Multiple key swap algorithm [closed]

Question

I have a dictionary with key - data pairs. My data comes from excel sheets. When I create the dictionary my objects are placed in order by their keys ex. 1 -> data of sheet1, 2 -> data of sheet2 ... When I physically reorder my sheets ex I move sheet1 to the last position I want to reconstruct the dictionary keys so that every key points to the correct sheet index.

I track when sheet indexes change inside Worksheet_Calculate function so I can get results like

function executes... prints: "OLDKEY:3 must change to newkey: 2"

function executes... prints: "OLDKEY:1 must change to newkey: 5"

function executes.... prints: "OLDKEY:4 must change to newkey: 3"

and so on

I cannot track those changes before or after the function runs so the swap must be done inside the function

So my algorithm goes as follows:

    If mydictionary.Exists(newkey) Then

    If mydictionary.Exists(OLDKEY & "t") Then
        mydictionary.key(newkey) = newkey & "t"
        mydictionary.key(OLDKEY & "t") = newkey
    Else
        mydictionary.key(newkey) = newkey & "t"
        mydictionary.key(OLDKEY) = newkey
    End If
Else
    If mydictionary.Exists(OLDKEY & "t") Then
        mydictionary.key(OLDKEY & "t") = newkey
    Else
        mydictionary.key(OLDKEY) = newkey
    End If
End If

As my data relies heavily on this indexing I would like an opinion if this algorithm has a bug.

Answer 1

You describe this as "key swap", but I suggest that you think of it as "key remapping".

approach

When I physically reorder my sheets

I suggest you think in terms of logically reordering the sheets. This stems from the Fundamental theorem of software engineering:

"We can solve any problem by introducing an extra level of indirection."
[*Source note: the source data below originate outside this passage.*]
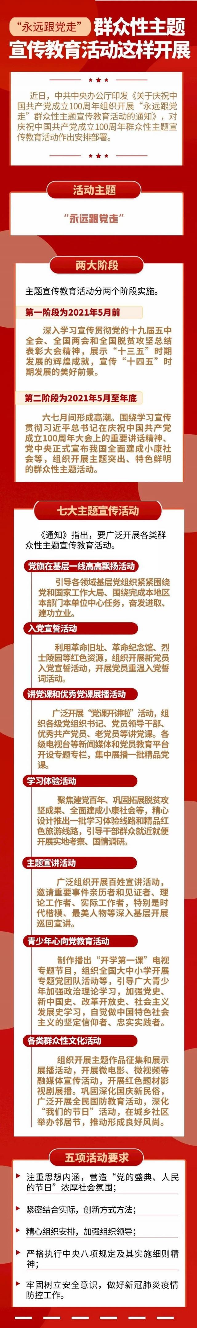 《通知》强调,以“永远跟党走”为主题,组织开展形式多样、内容丰富的群众性主题宣传教育活动,大力唱响共产党好、社会主义好、改革开放好、伟大祖国好、各族人民好的时代主旋律,激励和动员全党全军全国各族人民更加紧密地团结在以习近平同志为核心的党中央周围,不忘初心、牢记使命,开拓奋进、攻坚克难,立足本职岗位作贡献,把爱党爱国爱社会主义热情转化为实际行动,为确保“十四五”开好局、起好步,为全面建设社会主义现代化国家、夺取新时代中国特色社会主义伟大胜利、实现中华民族伟大复兴的中国梦而继续奋斗。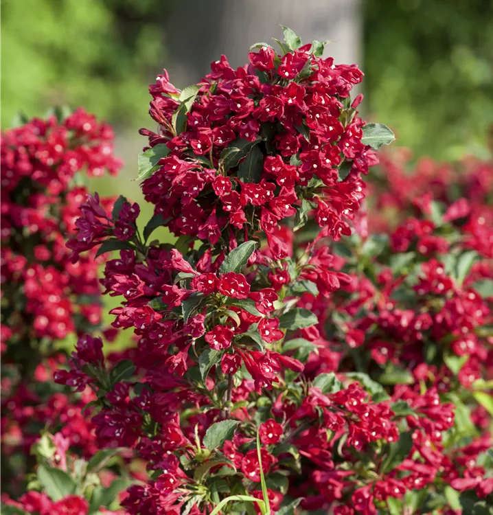 Die Weigelie 'Red Prince' (Weigela) ist ein kompakter Kleinstrauch, der rote, trichterförmige Blüten hervorbringt. Sie erscheinen von Mai bis Juni. Bei richtiger Pflege blüht die Weigelie 'Red Prince' erneut von August bis September. Zudem trägt die Weigelie 'Red Prince', lanzettliche, mittelgrüne Blätter. An einem sonnigen bis halbschattigen Standort mit durchlässigem, lockerem, nährstoffreichem Boden erreicht sie gewöhnlich eine Höhe von ca. 2 m und wird ca. 2 m breit.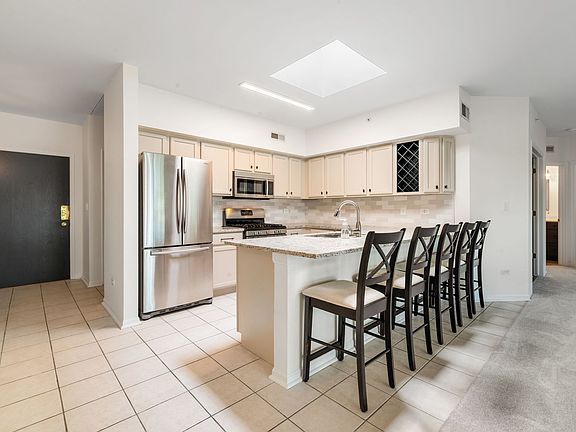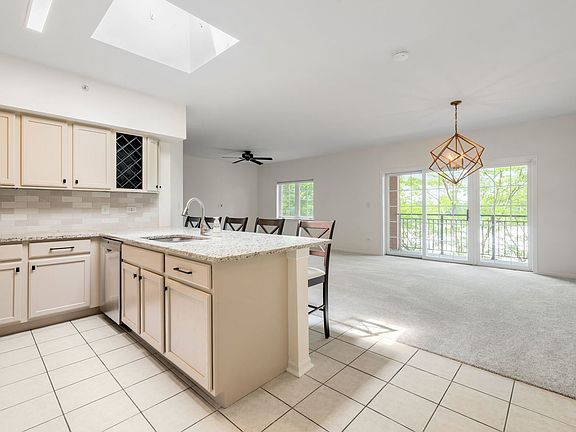 Discover refined living in this top-floor end-unit condo-within walking distance to downtown Palatine and the train station. Enjoy modern comfort paired with ultra-convenience. Gourmet Kitchen: Recently remodeled with light cabinetry, granite countertops, and stainless-steel appliances. A spacious breakfast bar and large skylight flood the space with natural light. New carpet in the Living room/ Dining room Luxury Bath (2019): Full remodel featuring quartz counters with touchless faucet, custom glass shower door, and elegant tile flooring. Spacious primary bedroom includes a walk-in closet-ample storage and privacy. Flexible Office/den: Perfect space for a home office or hobby room that adapts to your needs. Generous balcony offers scenic sunset views-perfect for morning coffee or evening relaxation. Convenient Laundry, In-unit high-efficiency washer and dryer add practicality to everyday living. Secure & Covered Parking: Heated underground garage with assigned space, private storage locker, and 24/7 camera security. Building Access & Amenities: Secure entrance, HOA covers heat, gas, and water-no utility surprises. Prime Location: Close to shopping, dining, major highways, and transit-beautifully positioned for easy commuting and lifestyle. Owners have applied for the homeowner's exemption and the association has appealed the taxes. Taxes should be significantly lower. Owner related to agent

Here, I'm proposing a permutation that maps from old to new, for your 0 .. N-1 sheets. Significantly, it is very cheap to manipulate a permutation of N integers.

To model e.g. four sheets, start with a vector [0, 1, 2, 3] which offers the identity mapping. You mention that you might move the zeroth sheet to the last position. That gives us [1, 2, 3, 0]. Sure, it has \$O(N)\$ linear cost, but we anticipate \$N \ll 10^6\$, and the constant being hidden within Big-Oh is pretty small for those integers.

I cannot track those changes before or after the function runs so the swap must be done inside the function.

I choose to reject that assertion. Let the zeroth sheet retain a name of 0 across your sequence of move operations, so it might appear in the ultimate position as above, and then in the penultimate position. Similarly for all other sheets. Then after the final move operation, make a final pass across all sheets, outputting them in their final destination position.

Significantly, it is very easy to verify if an implementation is correct, since it continually obeys the following invariant:

We always have a permutation of 0 .. N-1

During debugging you can verify this at any step, by sorting a copy of those integers and using a counting loop to ensure each appears just once. If you have N distinct integers, then you've not lost any of the sheets.

comments

     If mydictionary.Exists(OLDKEY & "t") Then ...

The Review Context or a comment should explain that

1. We're using a certain programming language (I don't recognize which one)
2. The & operator performs string catenation, e.g. "hello " & "world"
3. Keys are drawn from a restricted namespace, and never end with "t"
4. We're inventing a Temporary namespace by appending "t" to keynames, in order to implement swap(a, b) with: t = a; a = b; b = t

And then when the swap() function exits, its local temp var t is destroyed when it goes out of scope, so it can't cause any confusion in future. In contrast, it appears that you never delete a key, so we permanently wind up with both "SHEET7" and "SHEET7t" in the dictionary, a confusing state of affairs when debugging.

invariants

I would like an opinion if this algorithm has a bug.

I share your trepidation. I don't know. Source code has a greater responsibility than to be Correct. Rather, it must be Obviously Correct.

This algorithm has clear potential for destroying information if we accidentally step on a keyname before preserving it.

You haven't offered any intellectual scaffolding for making a convincing argument that such an accident never happens. I'm looking for comments which disclose invariants that demonstrate safety, and perhaps variants which assure us that we're making forward progress toward some measurable goal.

If you offered us better tools for reasoning about the code, we likely could make stronger assertions about its correctness. I proposed the permutation datastructure as one possible way out. There are others, including using whole-sheet content hashes.